Collection in a kind of above-mentioned application software running log based on Spark and service processing method, the step Rapid 2 comprise the steps of：

Step 2.1：The pretreatment that daily record data pre-processing service carries out daily record data, including to initial data make with Lower three aspect pretreatment works：Data filtering, data deduplication and log recording are segmented.

Step 2.2：After simply pre-processing, selection carries out data point using Algorithm of documents categorization to daily record data Class processing, TFIDF algorithms are responsible for building VSM models to complete text vector, then realize data point by KNN algorithms Class.

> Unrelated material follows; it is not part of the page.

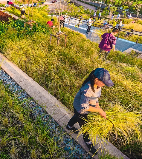 To address the problem of the lack of local access to healthy organic foods, the design team created a productive rooftop landscape. To soak up all that free water, Voraakhom's firm introduced nearly 50 kinds of edible species, including rice, indigenous vegetables and herbs, and fruit trees.
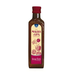 Pasteryzowany syrop z owoców malin, wzbogacony o ekstrakt z kwiatów lipy i witaminę C.

Collection in a kind of above-mentioned application software running log based on Spark and service processing frame, step 2.1 In, daily record data pretreatment is divided into three subdivisions to complete, specifically：

Step A, first it is data filtering part, it can include a large amount of unnecessary records that a log data, which is concentrated, If system control position records, it is very common resource in daily record that user, which asks the URL etc. of static resource, these resources, still These are for ordinary user, it is not essential however to, it is therefore desirable to processing is filtered to log data, is effectively subtracted Light subsequent log processing pressure；

Step B, followed by daily record duplicate removal part, a log data concentration can include the record largely repeated, example Such as when encountering remote service request interruption, identical log recording can be repeatedly returned to, these records are only repeated first The log recording of return carries out subsequent daily record data analysis for user and does not help, it is therefore desirable to remember the daily record repeated Record removal；

Step C, it is finally log record sorter processing, general Log data format：When m- logging level-service name- The event of generation, such log data user can not read, it is therefore desirable to classify to log recording, no Same classification represents different meanings.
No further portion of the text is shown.